Do Not Disturb
March 7, 2012 1 Comment
We have this:
The wife hath not power of her own body, but the husband: and likewise also the husband hath not power of his own body, but the wife. I Corinthians 7:4 KJV
What is a Christian couple to make of this verse in the context of Paul’s teaching about sexual intimacy in marriage?
As the preceding verse establishes that a husband or wife owes their mate to be sexually generous (due benevolence), verse 4 specifically defines that duty. Each spouse has delegated authority to sexually please their spouse’s body. We give (delegate) that authority to our mate upon marrying them.
Allow your husband or wife to sexually please you! How?
- Say what you want so you can get what you say. Psychic powers shouldn’t be a prerequisite for marrying you.
- Be willing to try new sexual activities. Your mate delights in delighting them. Don’t frustrate their efforts by responding with fear.
- If your mate proposes something that offends your faith, let them know. Explain how. Work with them to come up with an alternate activity.
- Take care of your body…which is their body! Eat right. Exercise. Difficulties with erection, vaginal lubrication, energy and overall libido are often a direct result of sedentary lifestyles and terrible diets.
- MAKE time to be with your spouse. If time is an issue, TAKE the time. If your schedules make it hard to make or take time for sex, STEAL time. Sexual intimacy is an essential part of the marriage experience.

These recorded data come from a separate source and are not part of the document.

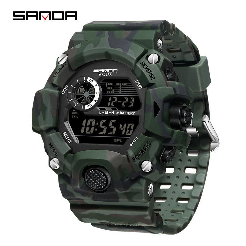 Waterproof Luminous Electronic Watch, Students Digital Watches, Fashion Military Multifunctional Date Alarm Clock green Black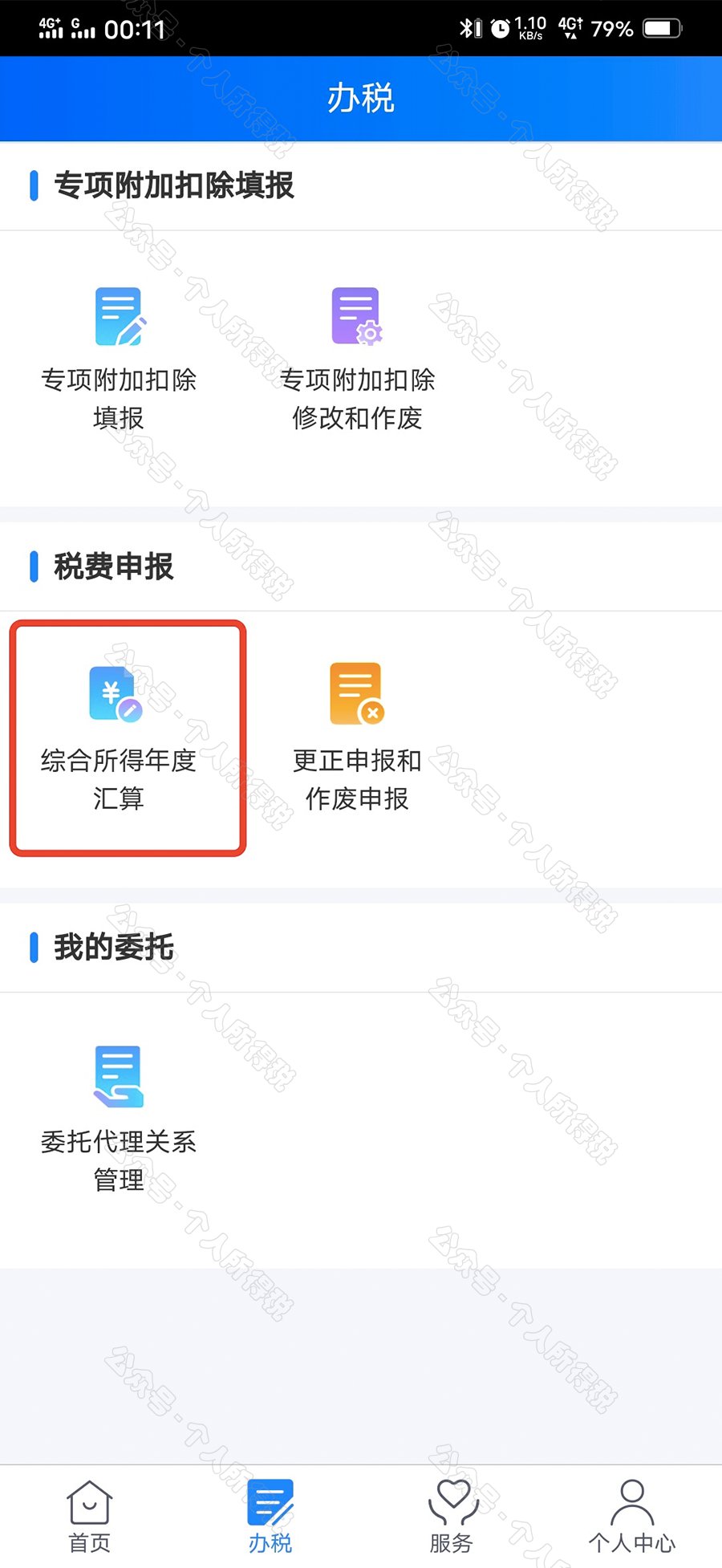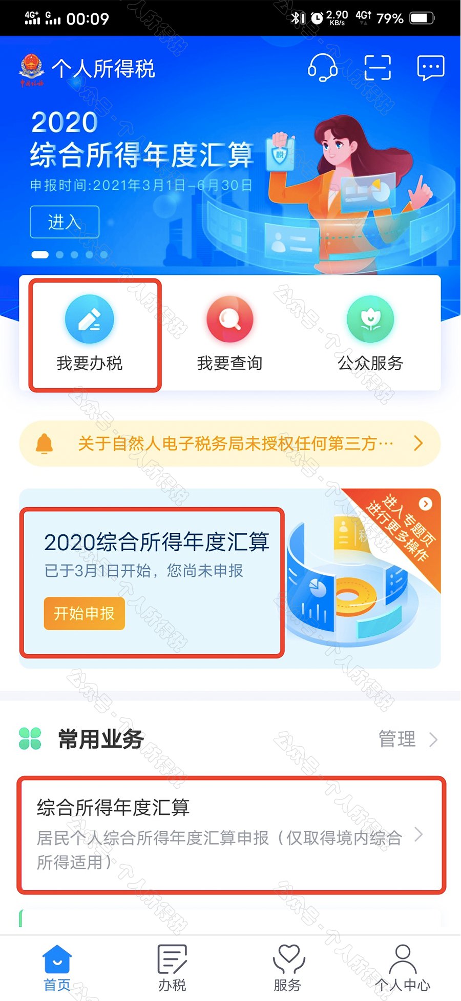 二是从首页的【常用业务】区块的【综合所得年度汇算】进入;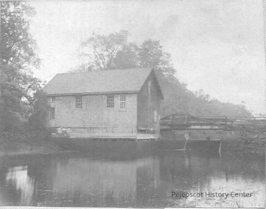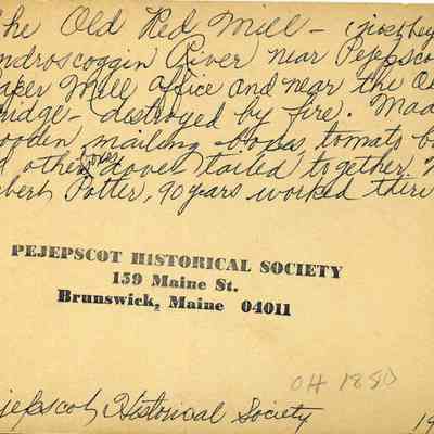 A B/W photograph of The Old Red Mill. Brunswick, ME. Marked on the back - "The Old Red Mill - (just beyond) Androscoggin River near Pejepscot Paper Mill Office and near old Bridge - destroyed by fire. Made wooden mailing boxes, tomato boxes and other boxes dove tailed together." Not dated.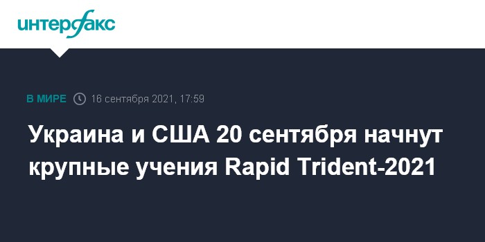 Москва. 16 сентября. INTERFAX.RU - Совместные украинско-американские военные учения Rapid Trident-2021 начнутся на Украине 20 сентября на базе Международного центра миротворчества и безопасности Национальной академии сухопутных войск имени гетмана Петра Сагайдачного.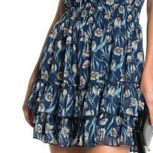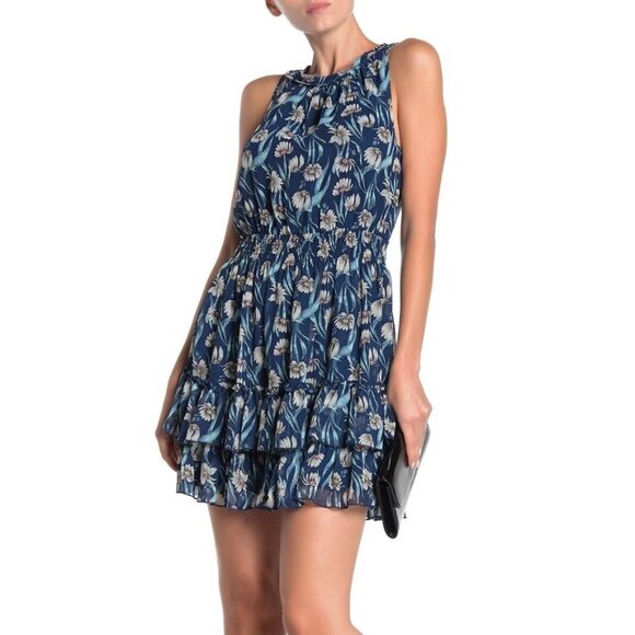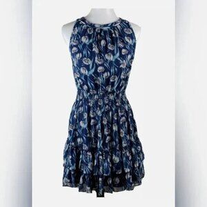Foxiedox Women's Sleeveless Ruffle Blue Floral Print Dress Size S NWT $135.70

- Lay off the mediums that destroy a healthy sense of sexuality. We’re not desperate housewives. We don’t need to have sex like porn stars. And stereotypical portrayals of male and female perspectives of sex needn’t apply to us. Don’t conform to society’s sexual norms. Transform to God’s. (Rom. 12:2)
- When being sexually intimate with your mate, be present! Physical presence is insufficient. Be present in every way…including mentally.
Bottomline: We must allow our mate to please us by not sabotaging their efforts by our lack of effort!